Soon, lasers may trigger showers on demand
Shooting lasers into the air can elicit the formation of water droplets, and scientists claim that the technique could one day help to induce rain artificially.
London: Shooting lasers into the air can elicit the formation of water droplets, and scientists claim that the technique could one day help to induce rain artificially.
For a long time, efforts to artificially trigger rain have focussed on ``cloud seeding`` — scattering small particles of silver iodide into the air to act as ``condensation nuclei``, or centres around which rain droplets can grow.
"The problem is, it`s still not clear that cloud seeding works efficiently. There are also worries about how safe adding silver iodide particles into the air is for the environment," Nature quoted optical physicist Jerome Kasparian at the University of Geneva, Switzerland, as saying.
The researchers thought that there might be a more environmentally friendly alternative.
Firing a laser beam made up of short pulses into the air ionizes nitrogen and oxygen molecules around the beam to create a plasma, resulting in a ``plasma channel`` of ionized molecules.
These ionized molecules could act as natural condensation nuclei, explained Kasparian.

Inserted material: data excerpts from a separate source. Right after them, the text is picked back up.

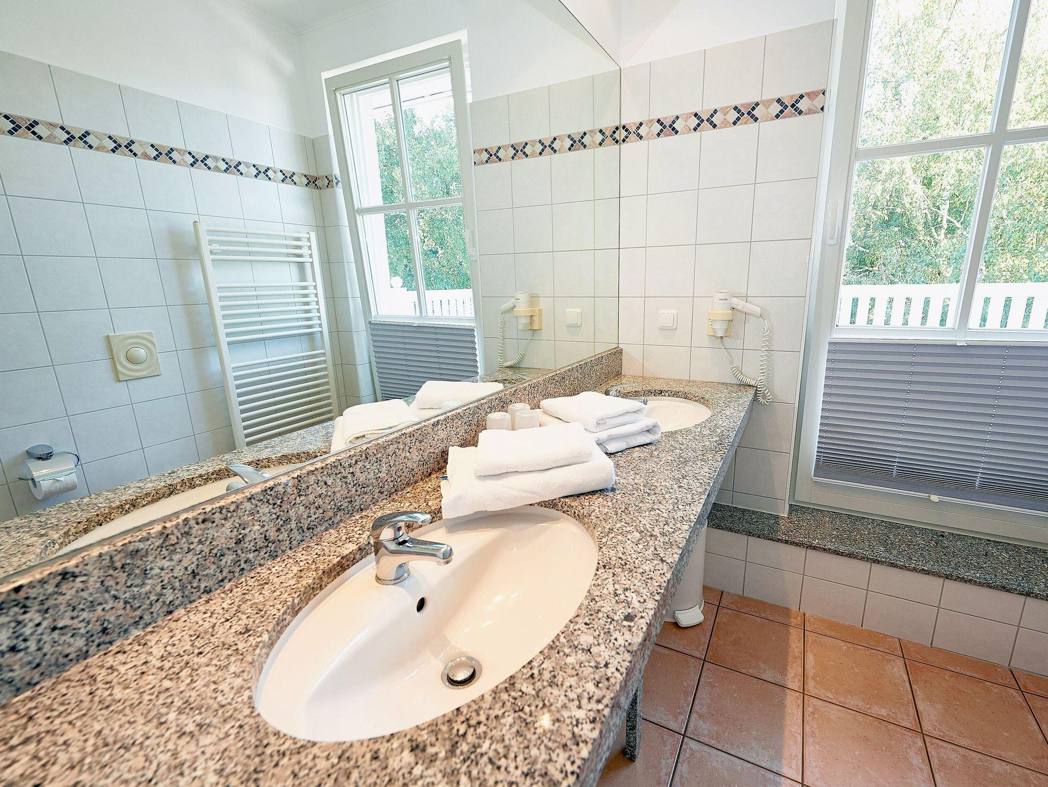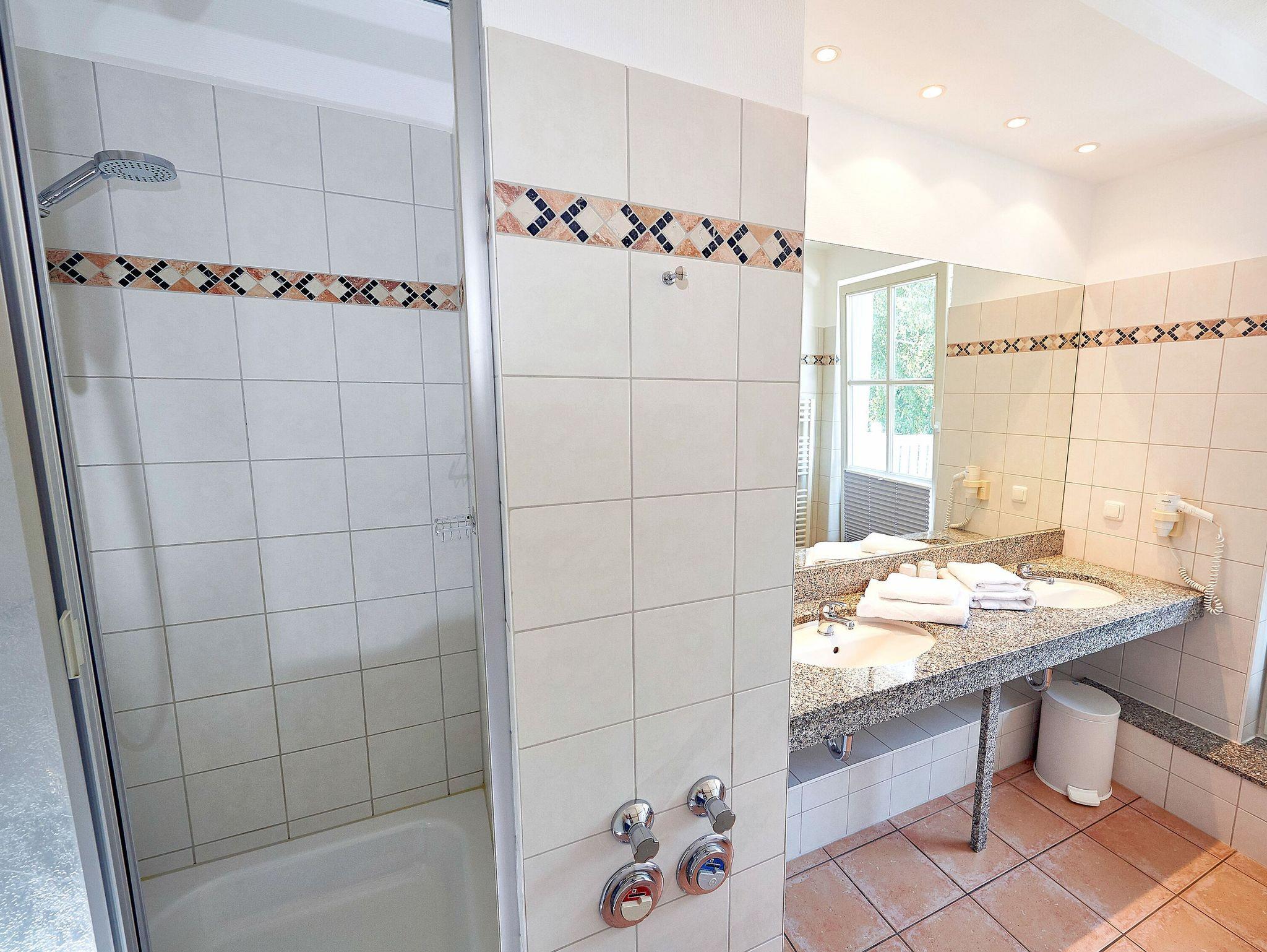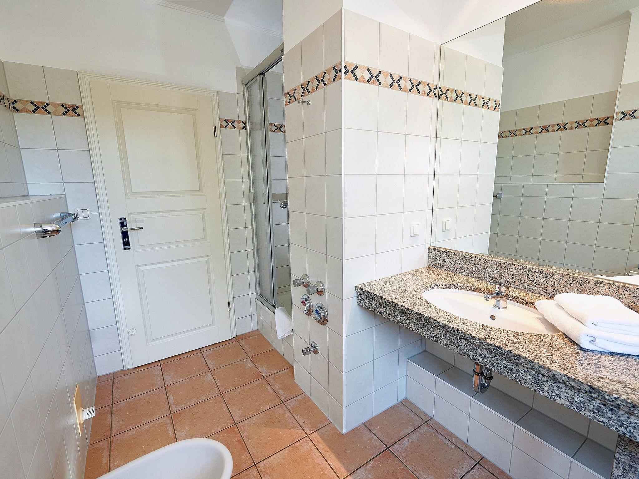 Das Appartement verfügt natürlich auch über ein modernes Badezimmer mit Fußbodenheizung. Dusche/WC und Bidet, ein beheizter Handtuchhalter, Fön sowie ein Granit-Doppelwaschtisch lassen keine Wünsche offen.
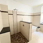 Stylische Messewohnung Mit Garten & Parkplatz apartment features a bathroom with a hair dryer and toiletries. Furthermore, a tub, a separate toilet, and a shower is available.
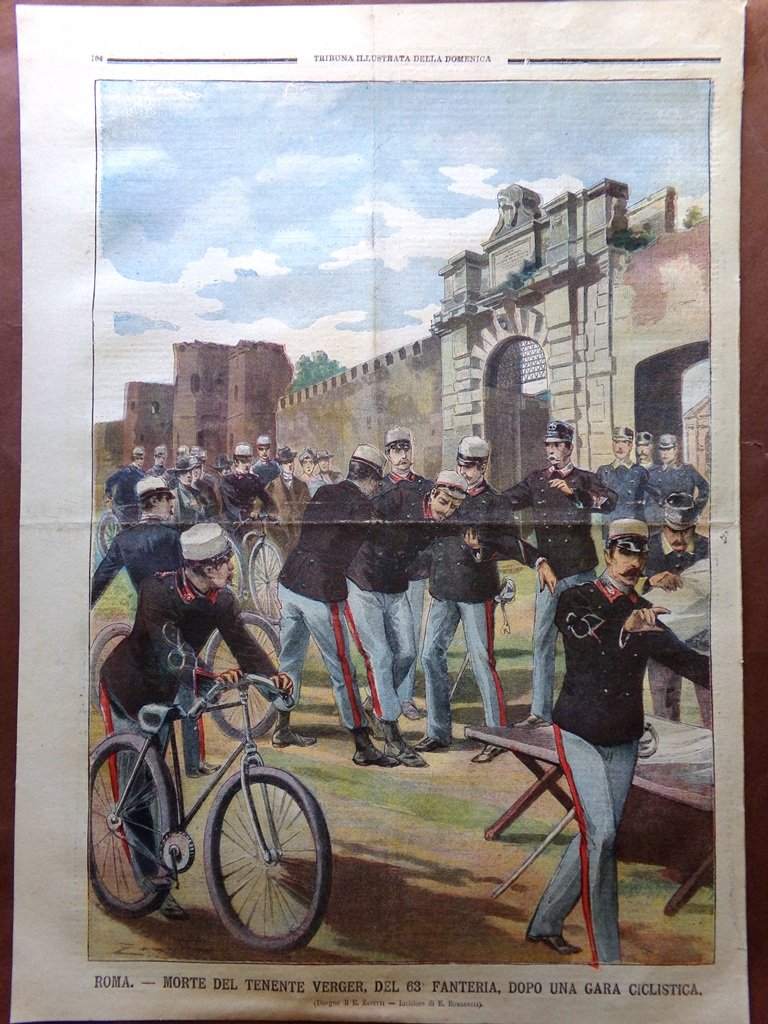 Roma: morte del tenente Verger, del 63° fanteria, dopo una gara ciclistica (disegno di E. Zanetti)

To see if this technique could induce droplets, the researchers fired a high-powered laser through an atmospheric cloud chamber in the lab containing saturated air (see video).

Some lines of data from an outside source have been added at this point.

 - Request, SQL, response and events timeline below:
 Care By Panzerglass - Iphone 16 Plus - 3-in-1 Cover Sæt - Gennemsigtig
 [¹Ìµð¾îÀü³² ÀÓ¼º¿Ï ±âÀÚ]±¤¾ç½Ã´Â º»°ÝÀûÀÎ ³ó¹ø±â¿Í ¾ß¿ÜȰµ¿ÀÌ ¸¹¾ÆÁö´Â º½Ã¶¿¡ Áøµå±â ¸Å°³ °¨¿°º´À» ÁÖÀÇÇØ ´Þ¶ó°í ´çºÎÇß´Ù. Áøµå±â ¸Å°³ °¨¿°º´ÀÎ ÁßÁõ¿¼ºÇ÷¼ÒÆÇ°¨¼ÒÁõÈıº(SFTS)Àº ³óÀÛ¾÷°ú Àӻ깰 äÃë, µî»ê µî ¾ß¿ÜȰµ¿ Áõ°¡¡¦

They illuminated the chamber using a second, standard low-power laser, enabling them to see and measure any droplets produced.
As soon as the laser was fired, drops measuring about 50 micrometres wide formed along the plasma channel.
Over the next three seconds, the droplets grew in size to 80 micrometres as the smaller droplets coalesced.
Next, the researchers took the technique outside.
They tested their high-powered portable ``Teramobile laser`` over a number of different nights and in various humidity conditions.
And they detected that the amount of condensation induced by monitoring how much the light from a second laser was back scattered by any droplets.
In low humidity conditions, the Teramobile laser did not induce droplets.
But when the humidity was high, the team measured up to 20 times more back-scattering after the Teramobile laser was fired than before, said Kasparian, suggesting that condensation droplets were forming.
"This is the first time that a laser has been used to cause condensation outdoors," said Roland Sauerbrey, an expert on laser physics.
The results are published online in Nature Photonics1.